Gayatri Rajapadni Sosok Perempuan Penting Dibalik Kejayaan Majapahit

  • 20 Mei 2024 15:44 WIB
  •  Surakarta

KBRN, Surakarta: Dialog Jagongan Pro 4 RRI Surakarta, Jumat 17 Mei 2024 kembali mengulik tentang kerajaan Majapahit yang didirikan oleh Raden Wijaya dan mengalami kejayaan pada pemerintahan Tribuana Tunggadewi dan raja Hayam Wuruk, dengan Maha Patih Gajahmada. Acara siaran tersebut menghadirkan narasumber Dr. Trisna Kumala Setya Dewi, MS, Dosen Fakultas Ilmu Budaya (FIB) Universitas Sebelas Maret (UNS) Surakarta, dengan tema Perempuan Perempuan Perkasa Nusantara, Menguak Sosok Gayatri Rajapadni.

Mengawali bahasannya Trisna Kumala menyampaikan, perseteruan antara Kertanegara dengan Jayakatwang mengakibatkan runtuhnya Singasari yang didirikan oleh Ken Arok, dan menjadi awal berdirinya kerajaan baru yang disebut Majapahit oleh menantu Kertanegara bernama Raden Wijaya.

Strategi terkenal yang dilakukan oleh Raden Wijaya bersama pasukannya, dimana dia menggunakan tangan pasukan Tartar untuk memukul pasukan Jayakatwang, dan kemudian ganti pasukan Tartar dipukul mundur oleh pasukan Raden Wijaya, menjadi awal berdirinya Majapahit.

Empat orang putri Kertanegara menjadi istri Raden Wijaya, mereka adalah Tribuaneswari, Mahadewi, Rajendra Dewi, dan Gayatri Rajapadni. Keempat Putri tersebut menjalani pengungsian pasca penyerbuan Jayakatwang dari gelang-gelang atas Singasari yang menyebabkan gugurnya Kertanegara.

Cerita unik yang dialami oleh Gayatri adalah melakukan penyamaran menjadi laki-laki demi menyelamatkan diri atas ancaman pasukan lawan.

Trisna Kumala menyampaikan bahwa cara penyamaran tersebut dimungkinkan karena Gayatri terinspirasi oleh cerita Panji yang sering dia baca di mana dalam cerita Panji tersebut Galuh Candra Kirana juga pernah menyamar sebagai laki-laki.

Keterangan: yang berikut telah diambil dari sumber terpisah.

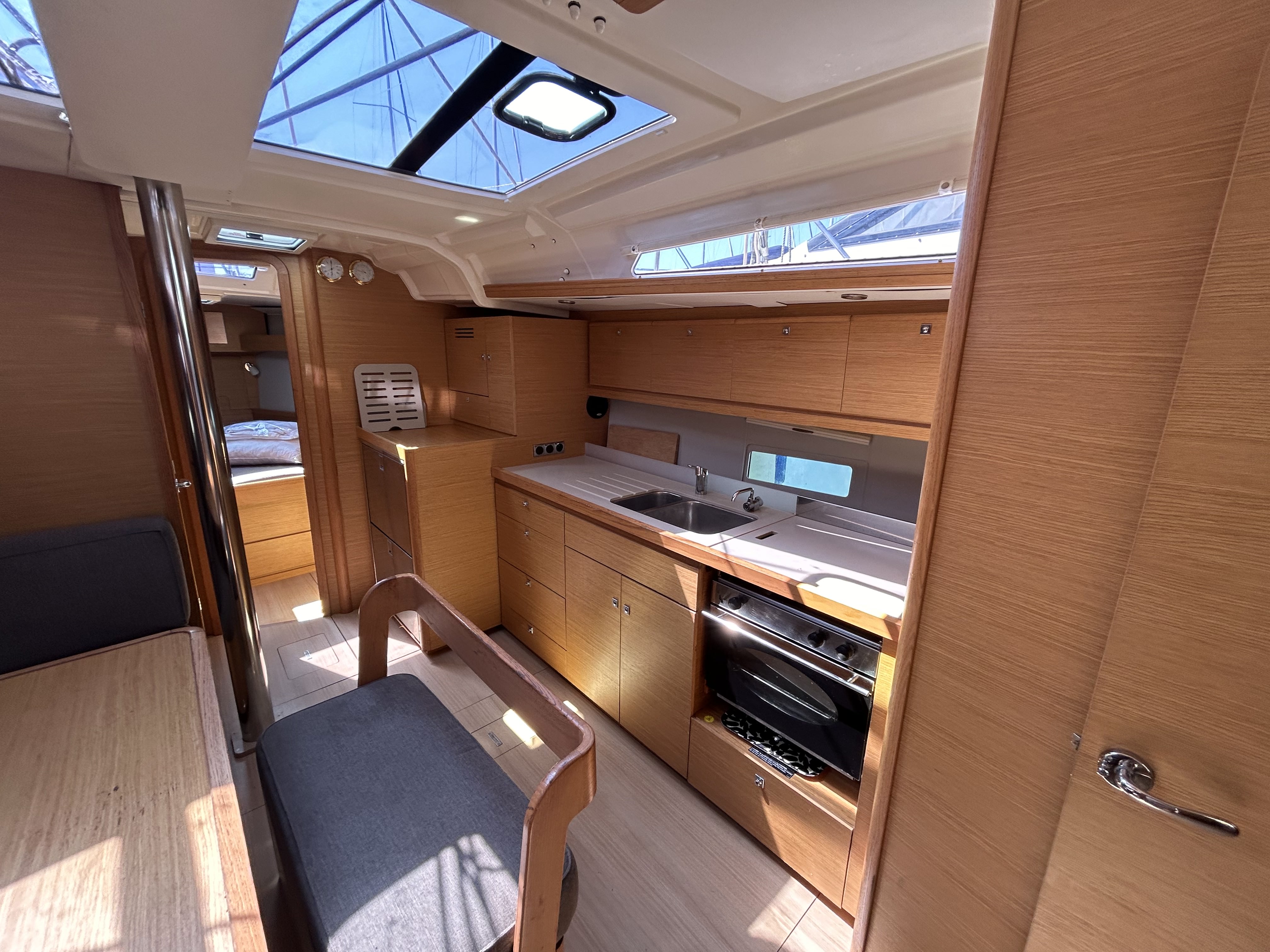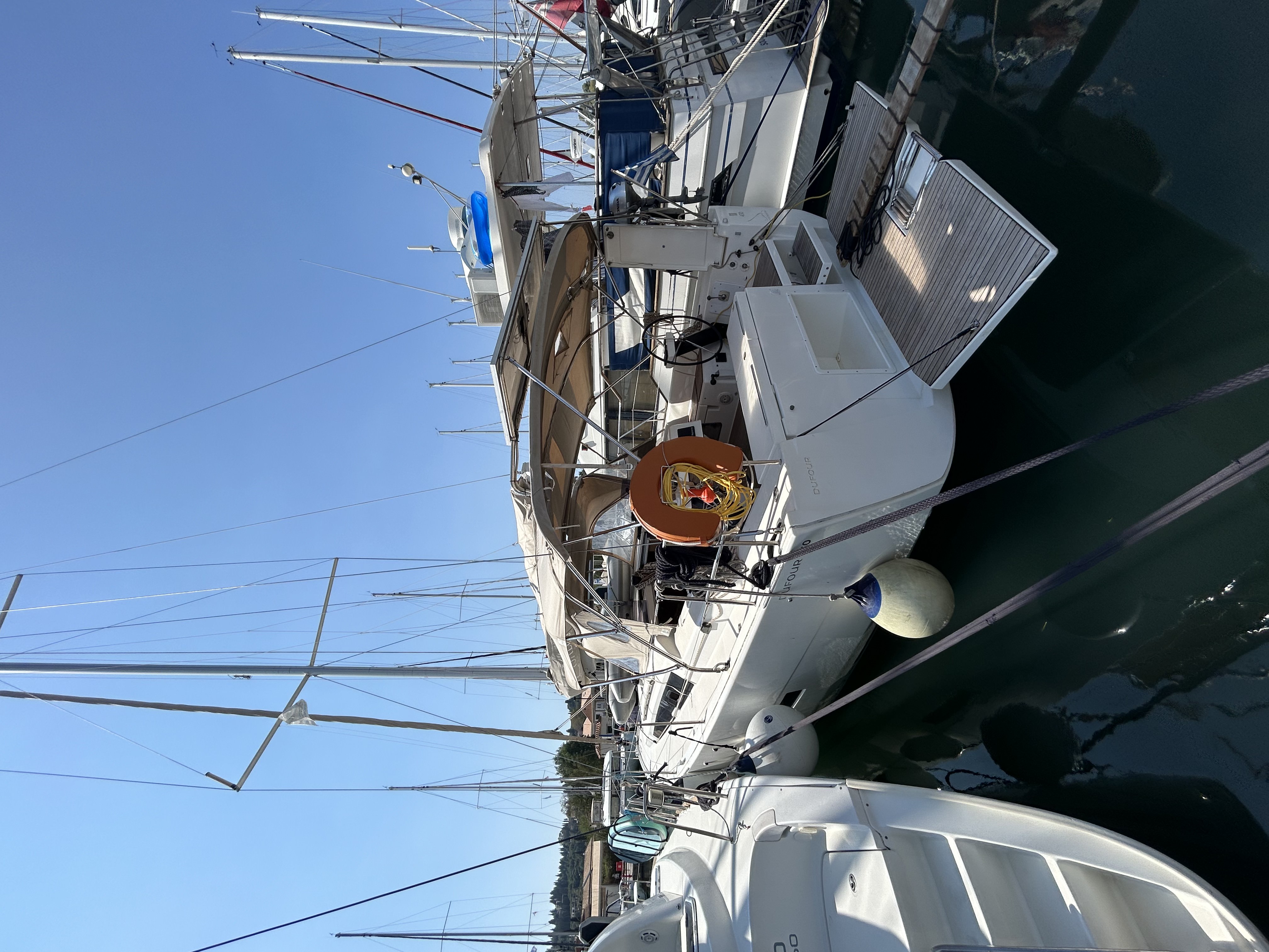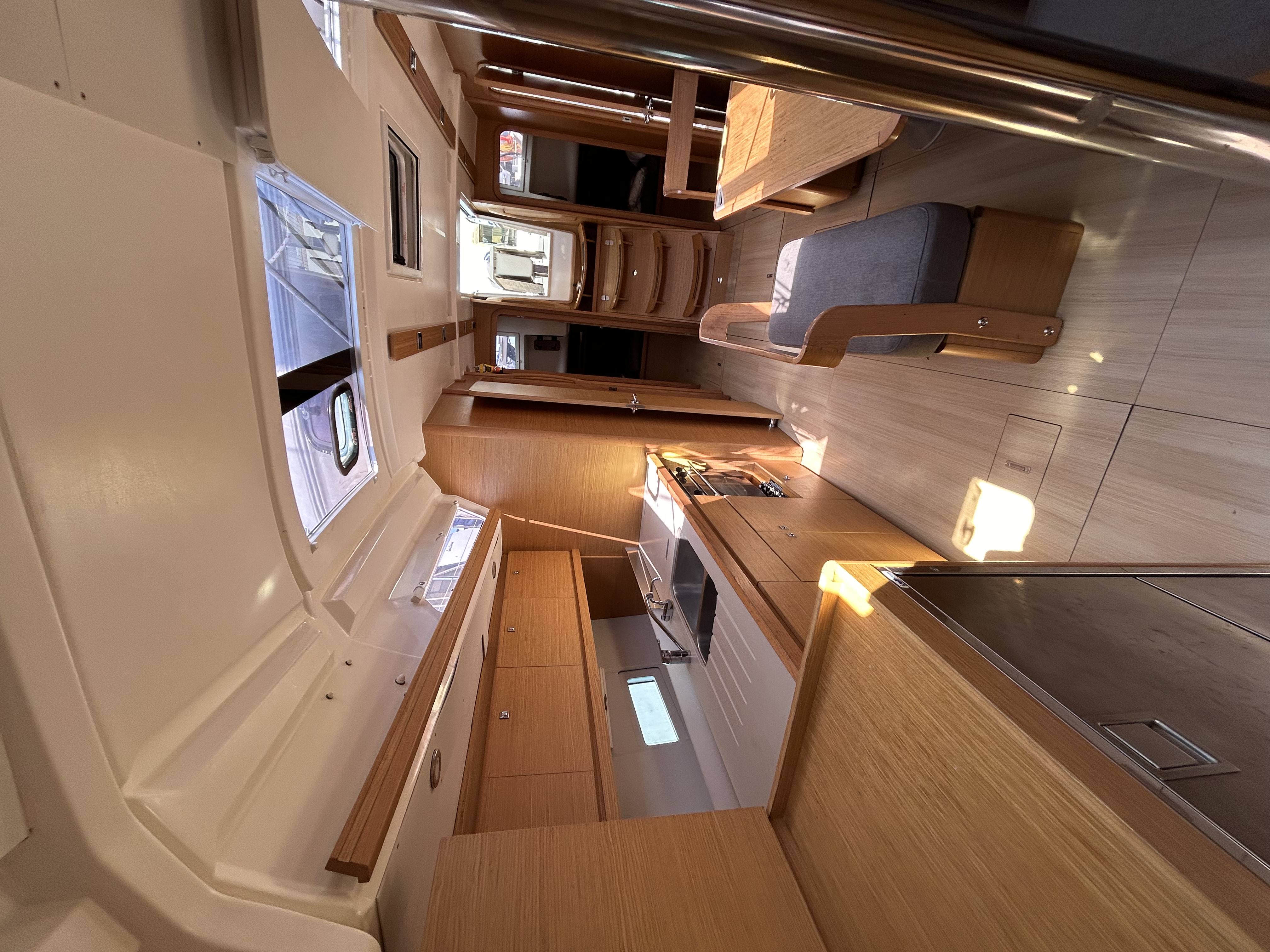 12V plug on the control panel220V shore connection with shore power cable220V socket in each cabinBimini topFolding cockpit table Folding saloon table with extra cushion for additional berth in saloonHot water shower in cockpitISOTHERM Electrical FridgePannello solareSwimming platform with lifting mechansmTwin white steering wheelsElica di pruaTenderLazy bagLazy jackRadio/USB Player with outside speackersSprayhoodRaymarine i70 wind, speed depth sounderWather heater12V/220V converter 300WRanda steccataRaymarine Evolution autopilot P70Raymarine GPS AXIOM 7Additional fridgeDeck gas barbeque with sink

"Gayatri Rajapadni adalah Putri bungsu dari Prabu Kertanegara paling muda yang memiliki minat terhadap dunia Agama, ilmu pemerintahan sekaligus ilmu sastra yang menjadikannya berkemampuan Istimewa," ungkapnya.

Dijelaskan, dengan kemampuan istimewa tersebut, Sosok Gayatri menjadi tokoh penting dibalik Raden Wijaya raja Majapahit pertama sekaligus pendiri Majapahit, karena sebagai permaisuri dia juga dipercaya sebagai Penasehat raja. Dari rahim Gayatri lahir Tribhuana Tunggadewi penguasa Majapahit ketiga bertahta setelah Prabu Jayanegara.

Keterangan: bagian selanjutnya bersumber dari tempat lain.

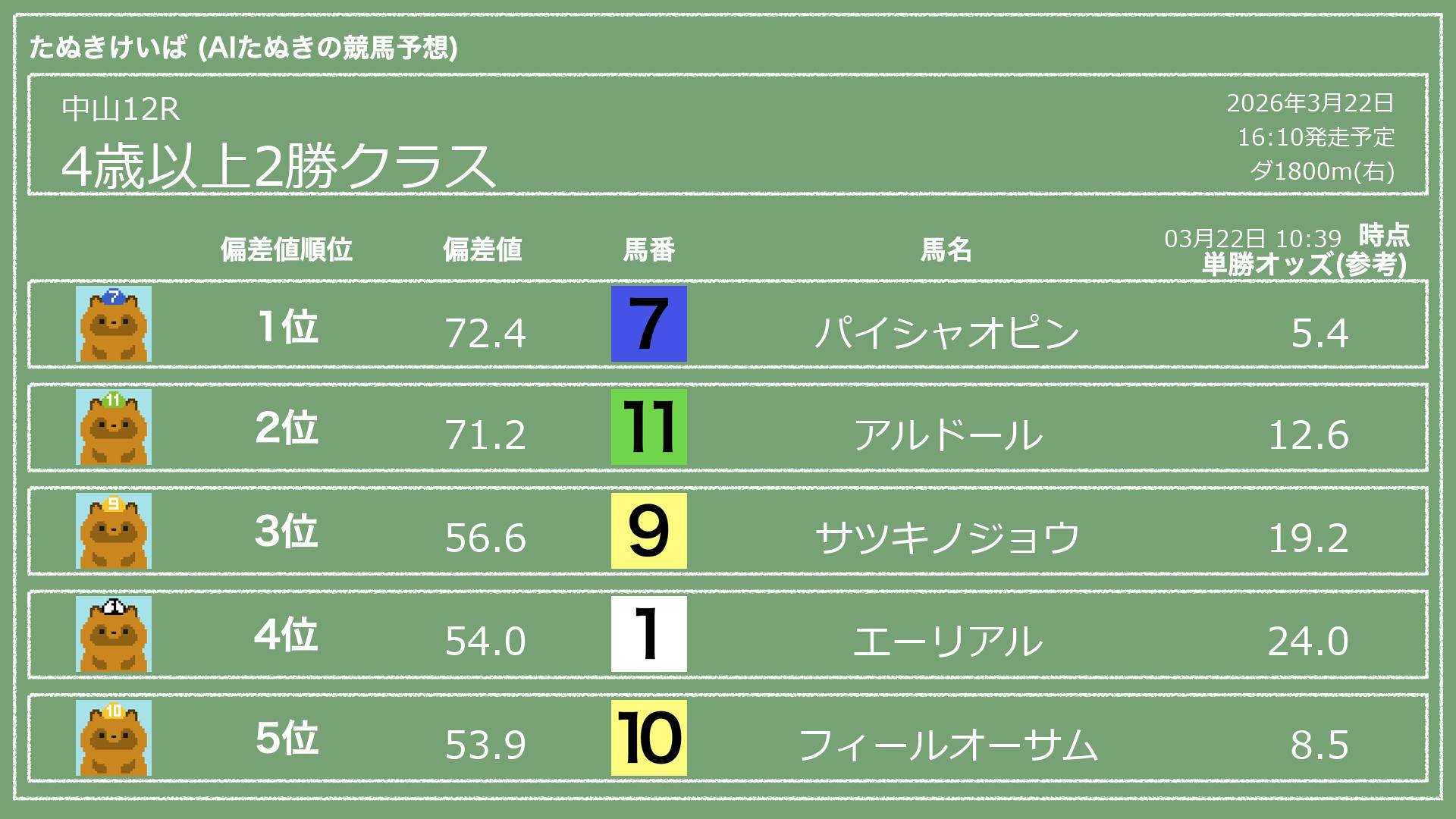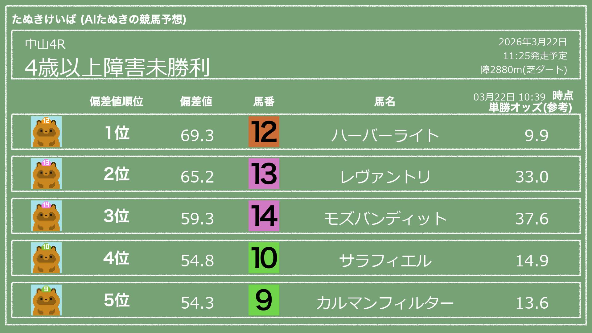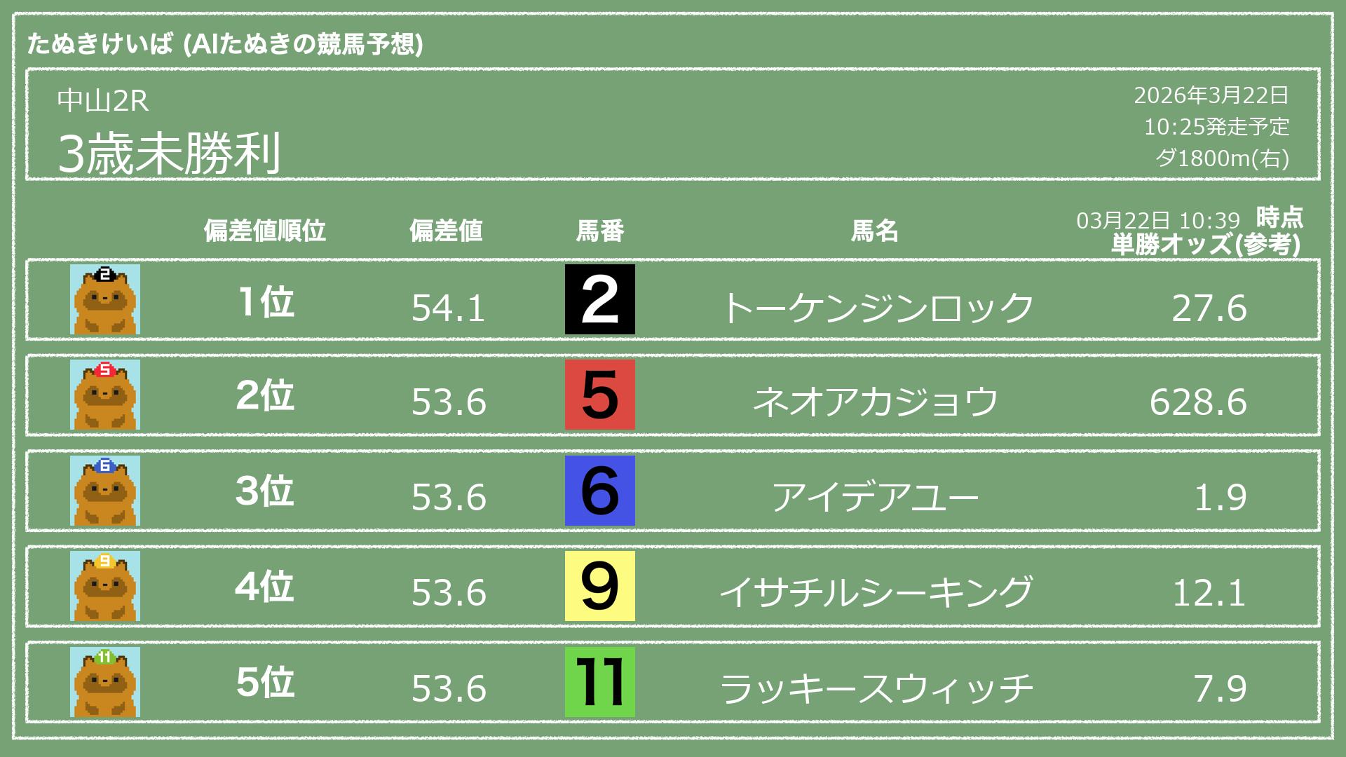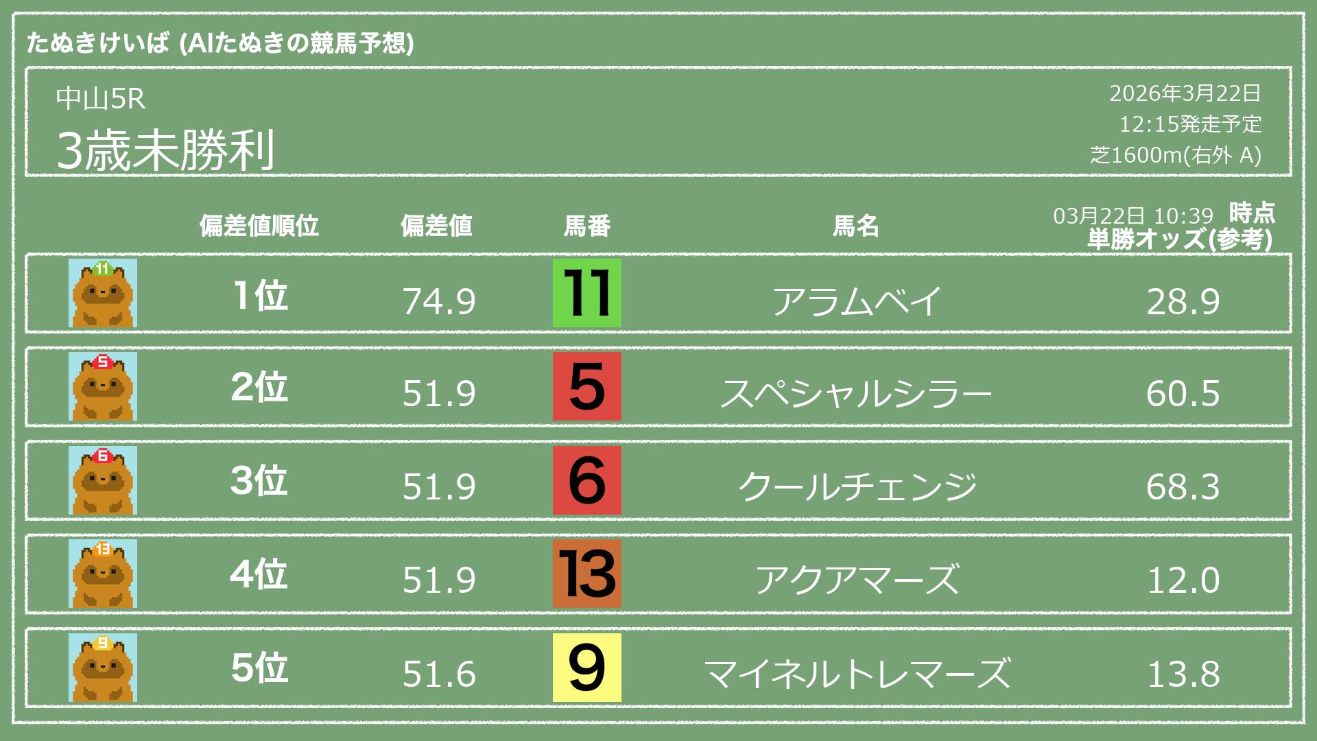 「たぬきけいば」による無料競馬予想です🥳

Di bawah bimbingan ibunya, dalam bidang tata negara agama dan sastra atau budaya, Tribuana Tunggadewi menjadi raja yang terkenal berwibawa. Selain menjadi mentor bagi putrinya yang menduduki sebagai raja Majapahit, Gayatri diyakini juga merupakan mentor bagi Mahapatih Gajah Mada, yang memberikan masukan tentang strategi perpolitikan bagi Majapahit.

Dalam siaran Jagongan itu Trisna Murti juga menyampaikan, bahwa dalam pemerintahan kerajaan, di mana raja memiliki kekuasaan dan otoritas penuh, tidak mudah bagi rakyat awam yang berkarir dari bawah seperti Gajah Mada, untuk mendapatkan kepercayaan yang tinggi dari raja, tanpa ada orang di balik Gajah Mada yang juga memiliki peran penting, dia adalah Gayatri Rajapadni.

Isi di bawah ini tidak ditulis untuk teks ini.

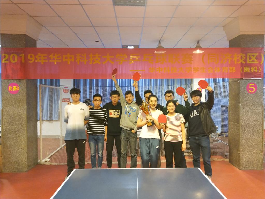 本次乒乓球联赛为一年一届,参赛选手以院系的身份参赛,赛制为男单、混双、女单组合。在小组赛中,我院对阵公卫、法医、梨园医院代表队,分别以3:2、 3:1、 3:1大比分出线。杀进半决赛,我院遭遇基础医学院,并以3:2胜出,挺进决赛。在激烈的决赛角逐中,我院3:1第二临床学院,成功捧起金杯,亚军为第二临床学院代表队,而季军则花落基础医学院。

Bukan hanya menjadi mentor bagi Tribhuana dan Gajahmada, menurut Trisna dan didukung literatur yang ada, Gayatri jugalah yang mempersiapkan cucunya Hayam Wuruk, putra Tribuana Tunggadewi, untuk menjadi raja berikutnya.

Dengan demikian ungkapan yang menyatakan bahwa dibalik orang hebat ada orang hebat yang mendukungnya, adalah suatu ungkapan yang benar adanya. Dalam konteks Kerajaan Majapahit awal hingga Hayam Wuruk menjadi raja, Gayatri Rajapadnilah sosok orang hebat itu.

"Seseorang menjadi hebat karena didasari kemampuan pribadi, dan minat belajar berbagai pengetahuan, dengan kata lain, Gayatri Rajapadni sadar untuk mendalami literasi, Sehingga memiliki kapasitas pengetahuan tinggi," pungkasnya mengakhiri Jagongan melalui Pro 4 RRI Surakarta.. (Ali Marsudi)


Rekomendasi Berita

Berita Terbaru

Memuat berita terbaru.....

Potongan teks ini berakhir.